Tumblr and WordPress to sell user data to OpenAI

Automattic, the company behind WordPress and Tumblr, is planning discussions to monetize user content by selling its data to artificial intelligence companies, including MidJourney and OpenAI. Data from the blogging platforms Tumblr and WordPress.com will be used to train AI models.

While the details of the transaction are still unclear, this news has raised concerns among users regarding the potential misuse of their private content on the two blogging platforms. Additionally, 404 Media suggests that internal conflicts have arisen within Automattic as the collected content includes private data that was not intended for retention within the company.

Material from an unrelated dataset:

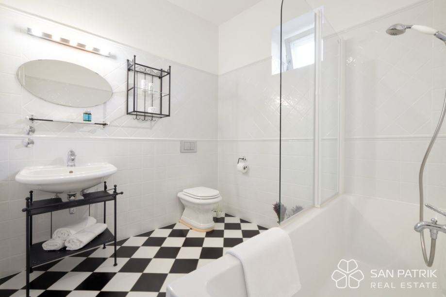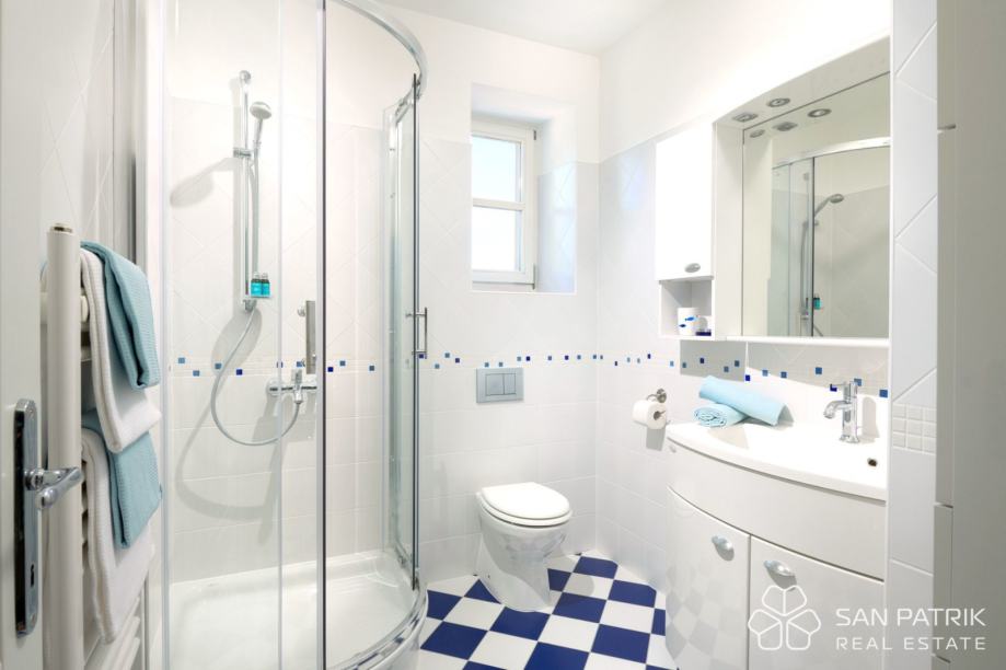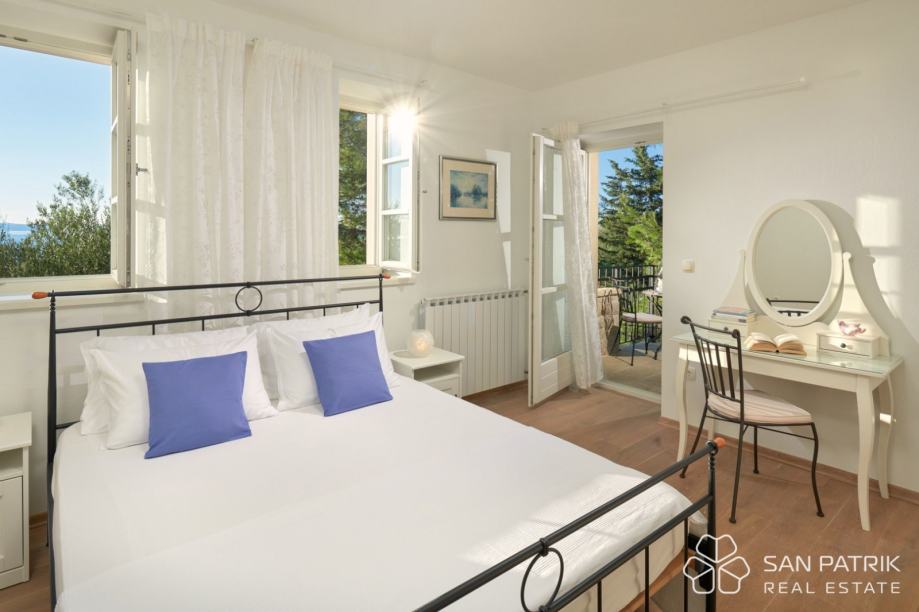Svi detalji odišu toplinom i kvalitetom: drvena stolarija s izo staklima, masivni hrastov pod u sobama, namještaj od tikovine i hrastovine, keramičke pločice birane s ukusom. Škure su obnovljene 2023. godine, u mediteranskom drvenom stilu.

In response to the negative reactions, Automattic plans to introduce a new feature that will allow users to opt out of sharing their data for AI training. The company, in a blog post, reaffirms its commitment to providing Tumblr and WordPress users with greater control over their content. It mentions the launch of a setting to "discourage exploration by AI companies," explaining that top AI exploration platforms are blocked by default.

The issue of using blog content by companies developing AI models is not limited to platforms managed by Automattic. Both OpenAI and Google use crawler robots to gather information from all websites to train artificial intelligence models. The process is similar to data collection by search engines.

How can you block OpenAI and Gemini (Bard) from fetching data from your blog?

If you own a blog or website and do not want its data to be used for training OpenAI and Gemini artificial intelligence models, you can block access to robots (crawlers) to the content. This restriction can be implemented through the robots.txt file.

OpenAI Crawlers

User-agent: GPTBot
Disallow: /

Gemini Crawlers

User-agent: Google-Extended
Disallow: /

After saving the robots.txt file with the new lines, go to Google Console at: Settings > robots.txt > click on the menu with the three dots, click "Request a recrawl."

Tumblr and WordPress to sell user data to OpenAI — Recrawl Request

For Tumblr and WordPress users, access to data retrieval from blogs by OpenAI or other artificial intelligence development companies can be blocked through tools provided by Automattic.